§ DATA IN THIS EXERCISE:
[Start of Attachment]
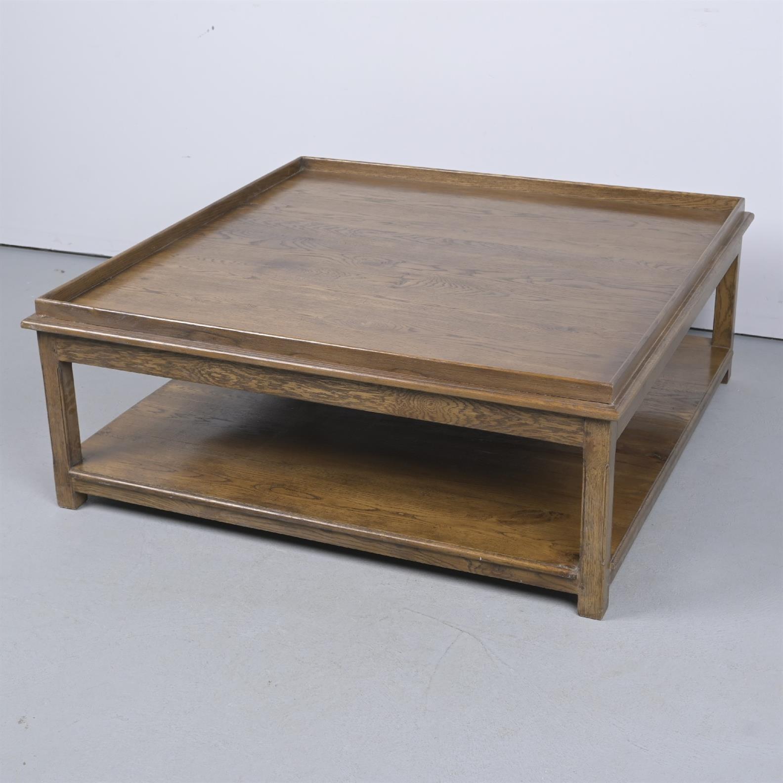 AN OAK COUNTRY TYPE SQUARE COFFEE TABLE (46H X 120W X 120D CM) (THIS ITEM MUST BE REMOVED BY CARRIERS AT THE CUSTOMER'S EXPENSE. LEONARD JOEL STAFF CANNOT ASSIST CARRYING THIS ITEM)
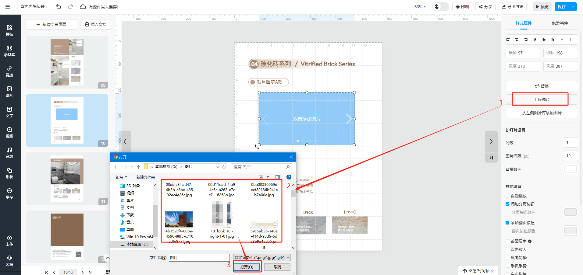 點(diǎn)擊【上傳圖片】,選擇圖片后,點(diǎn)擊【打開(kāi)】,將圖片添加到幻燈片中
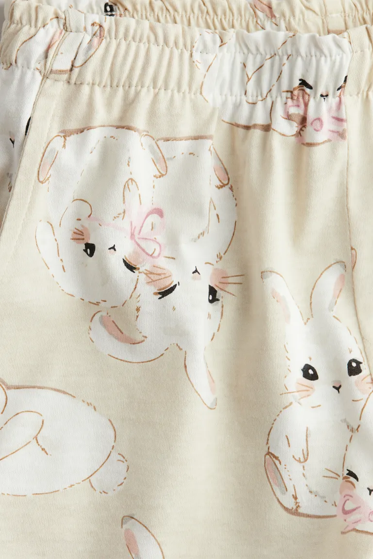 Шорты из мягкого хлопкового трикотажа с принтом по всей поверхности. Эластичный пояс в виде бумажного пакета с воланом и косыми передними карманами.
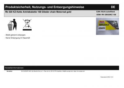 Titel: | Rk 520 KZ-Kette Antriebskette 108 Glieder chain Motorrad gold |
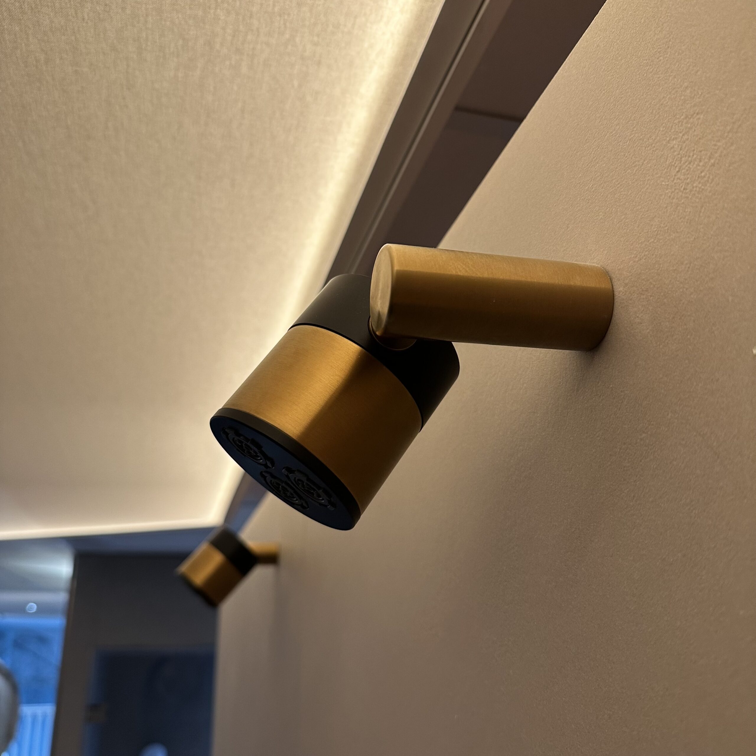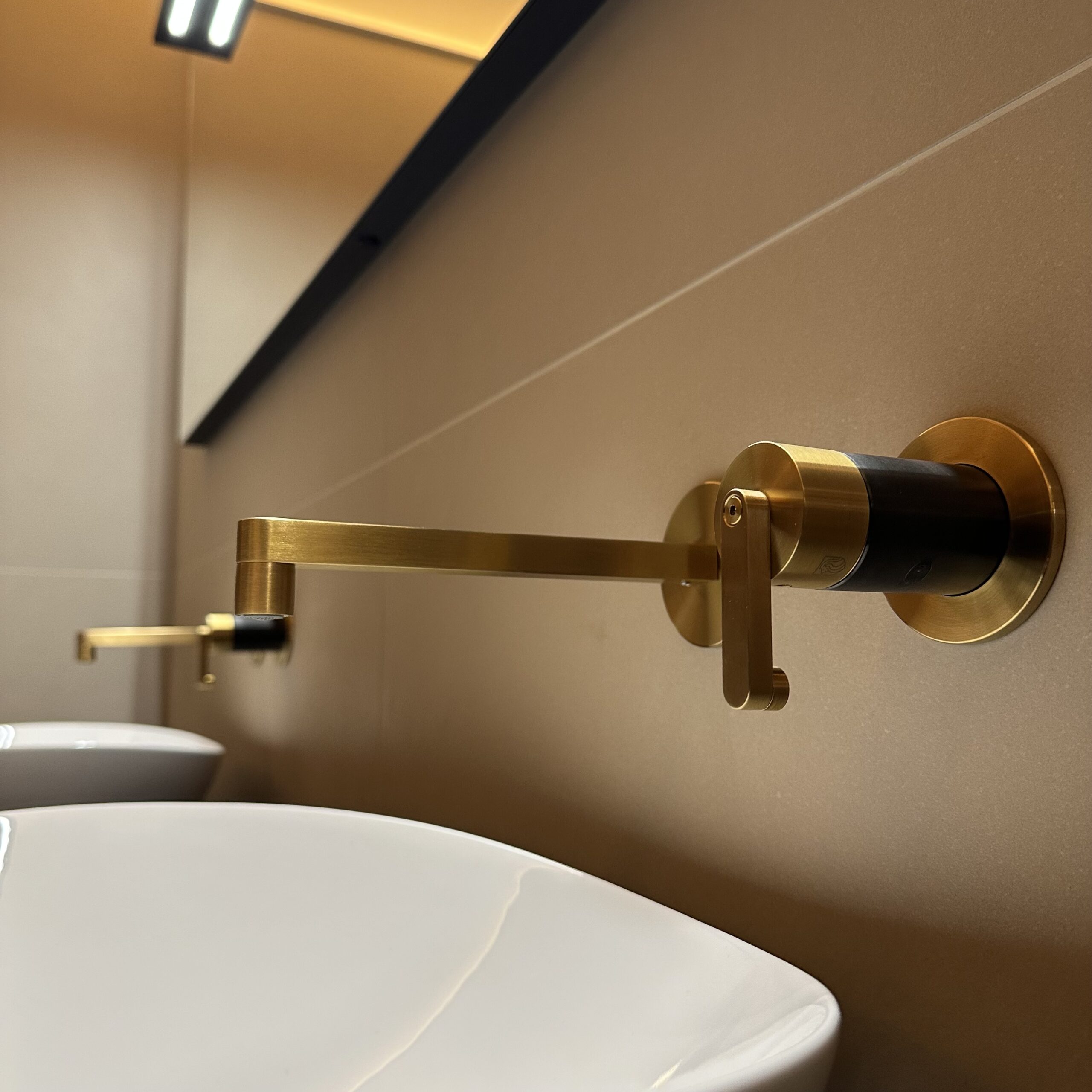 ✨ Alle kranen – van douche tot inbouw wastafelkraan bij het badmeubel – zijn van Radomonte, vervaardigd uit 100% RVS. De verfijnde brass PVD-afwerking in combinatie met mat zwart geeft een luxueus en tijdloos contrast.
[End of Attachment]
[Start of Attachment]
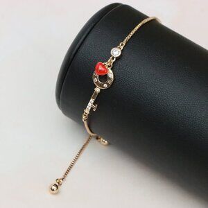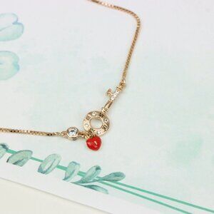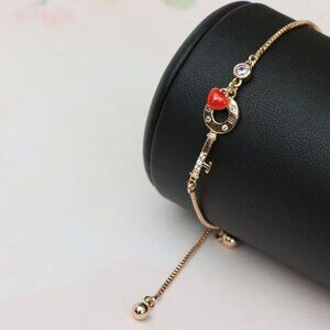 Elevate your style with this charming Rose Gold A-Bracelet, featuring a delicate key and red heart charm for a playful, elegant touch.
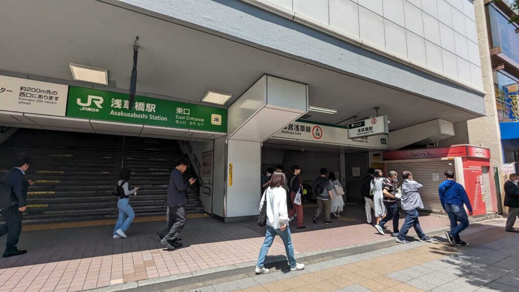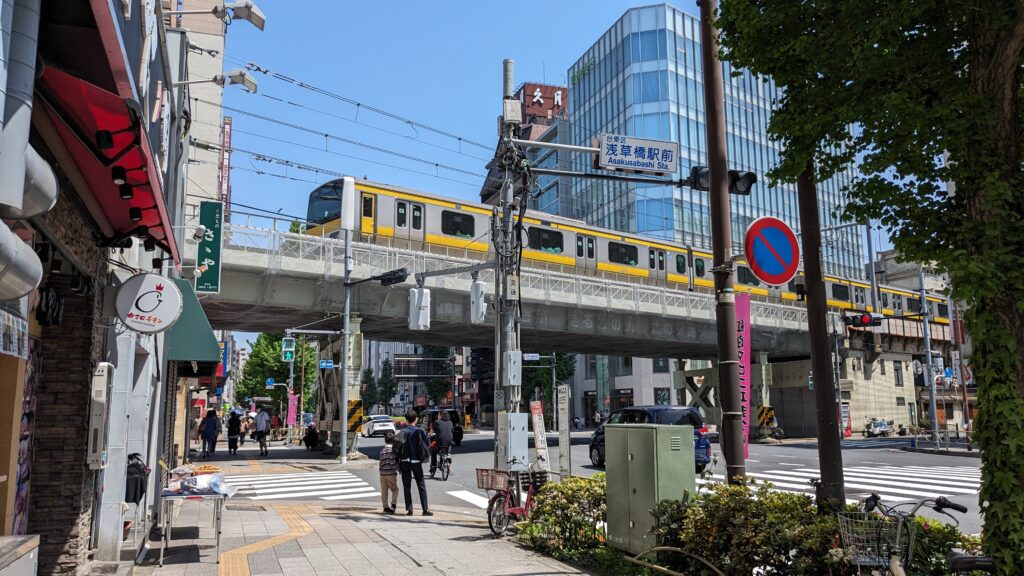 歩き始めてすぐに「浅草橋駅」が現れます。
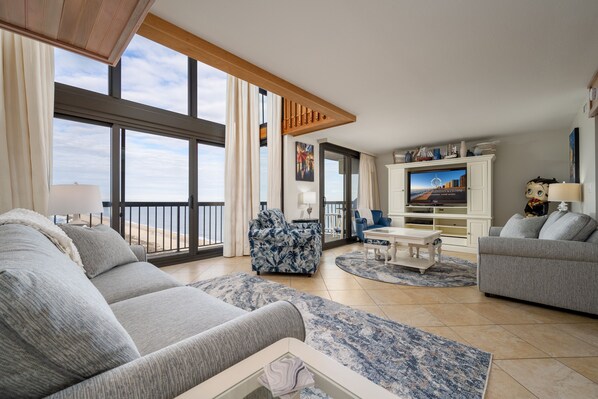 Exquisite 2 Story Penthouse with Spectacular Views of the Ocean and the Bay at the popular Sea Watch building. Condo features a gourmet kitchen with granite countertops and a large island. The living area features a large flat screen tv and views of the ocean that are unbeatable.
[End of Attachment]
[Start of Attachment]
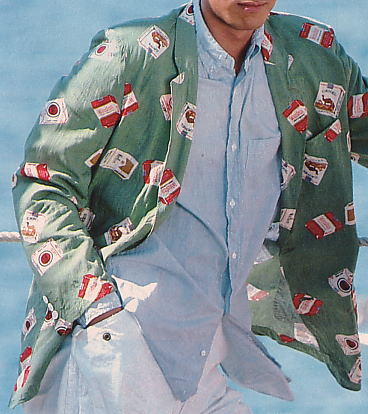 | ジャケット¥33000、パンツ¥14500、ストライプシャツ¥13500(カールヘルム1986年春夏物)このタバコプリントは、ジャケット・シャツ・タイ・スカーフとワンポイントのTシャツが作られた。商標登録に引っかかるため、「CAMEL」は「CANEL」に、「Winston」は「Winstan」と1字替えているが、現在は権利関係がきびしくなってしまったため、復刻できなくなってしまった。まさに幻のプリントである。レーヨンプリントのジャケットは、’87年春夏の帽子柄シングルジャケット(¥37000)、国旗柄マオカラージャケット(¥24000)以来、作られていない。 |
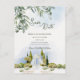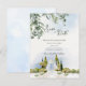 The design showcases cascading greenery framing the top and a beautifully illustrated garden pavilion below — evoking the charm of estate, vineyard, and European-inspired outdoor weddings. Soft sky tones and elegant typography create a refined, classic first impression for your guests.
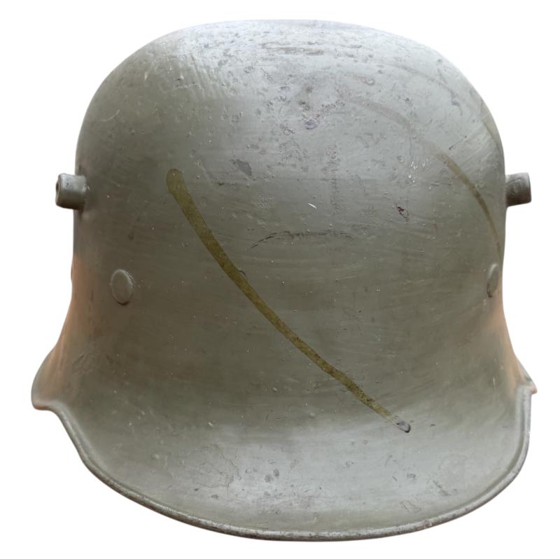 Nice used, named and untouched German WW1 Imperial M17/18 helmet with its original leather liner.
[End of Attachment]
§ EXERCISE INSTRUCTIONS: Copy needed, without pictures: the lines of the listing above from the line containing "點(diǎn)擊【上傳圖片】" up to and including the line containing "Titel: | Rk", set down exactly.

§ EXERCISE ANSWER:
 點(diǎn)擊【上傳圖片】,選擇圖片后,點(diǎn)擊【打開(kāi)】,將圖片添加到幻燈片中
 Шорты из мягкого хлопкового трикотажа с принтом по всей поверхности. Эластичный пояс в виде бумажного пакета с воланом и косыми передними карманами.
 Titel: | Rk 520 KZ-Kette Antriebskette 108 Glieder chain Motorrad gold |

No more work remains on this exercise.